Acceptability and feasibility of continuous diaphragm use among sex workers in Madagascar
- F Behets1,2,
- A Norris Turner1,
- K Van Damme2,3,
- N L Rabenja3,
- N Ravelomanana3,
- K Zeller4,
- J R Rasolofomanana5
- 1Department of Epidemiology, University of North Carolina at Chapel Hill, Chapel Hill, NC, USA
- 2Department of Medicine, University of North Carolina at Chapel Hill, Chapel Hill, NC, USA
- 3UNC-MAD, Antananarivo, Madagascar
- 4William J Clinton Presidential Foundation, New York, NY, USA
- 5Institut National De Santé Publique et Communautaire, Ecole de Médecine, Antananarivo, Madagascar
- Correspondence to: Frieda Behets PhD, MPH, Department of Epidemiology, University of North Carolina at Chapel Hill, 2102-D McGavran-Greenberg Hall, CB #7435, Chapel Hill, NC 27599-7435, USA; frieda_
- Accepted 9 April 2005
Objectives: The diaphragm, a woman controlled, reusable contraceptive device, might prevent some sexually transmitted infections (STIs). We assessed the acceptability and feasibility of use of silicone Wide-Seal Arcing Diaphragms (Milex Products, Chicago, IL, USA) by sex workers in Madagascar.
Methods: Over 8 weeks, we evaluated method acceptability by examining patterns of and problems with women’s diaphragm use. We also evaluated several measures of study feasibility, including recruitment and follow up methods.
Results: 91 women from three cities (Antananarivo, Tamatave, and Mahajanga) participated, and 87 (96%) completed follow up. At enrolment, participants reported a median of six sex acts with five clients in the previous week. During the follow up period, participants reported a median of three sex acts with three clients during the previous 2 days, and self reported continuous diaphragm use during the previous day increased from 87% to 93%. Seven women became pregnant (incidence 53 pregnancies per 100 woman years). Self reported use of male condoms and diaphragms was fairly constant over the study period: women reported condom use in 61% to 70% of acts and diaphragms in 95% to 97% of acts. The number of participants reporting diaphragm problems decreased from 15 (16%) at the first visit to six (7%) at the final visit. 20 women (22%) needed replacement devices during follow up because their original diaphragms were lost, were the wrong size, or became seriously damaged.

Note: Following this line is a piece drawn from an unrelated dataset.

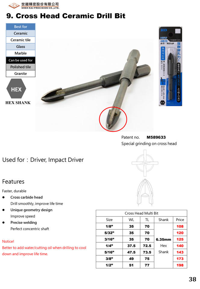 High Quality Hex Shank Cross Head Drill Bit for Ceramic Tile Glass Patent Design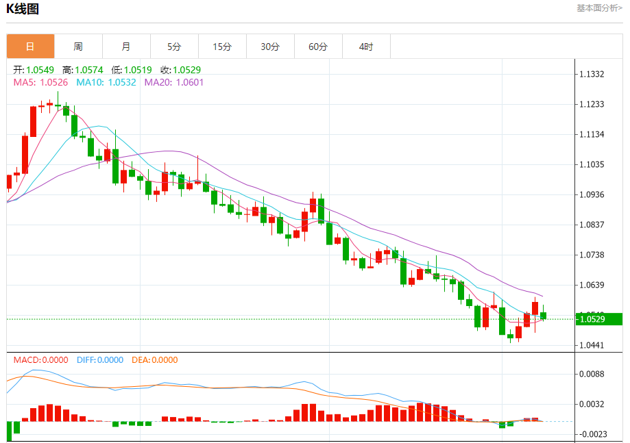 周一盘中,欧元/美元报1.0530,跌幅0.51%。

Conclusions: Given the high use and steady decrease in reported problems during the study, we believe diaphragms are acceptable and feasible in this resource poor, low education sex worker population.
- EC, emergency contraception
- RPR, rapid plasma reagin
- STI, sexually transmitted infections
- UTI, urinary tract infection
Conflict of interest: No authors have any conflict of interest.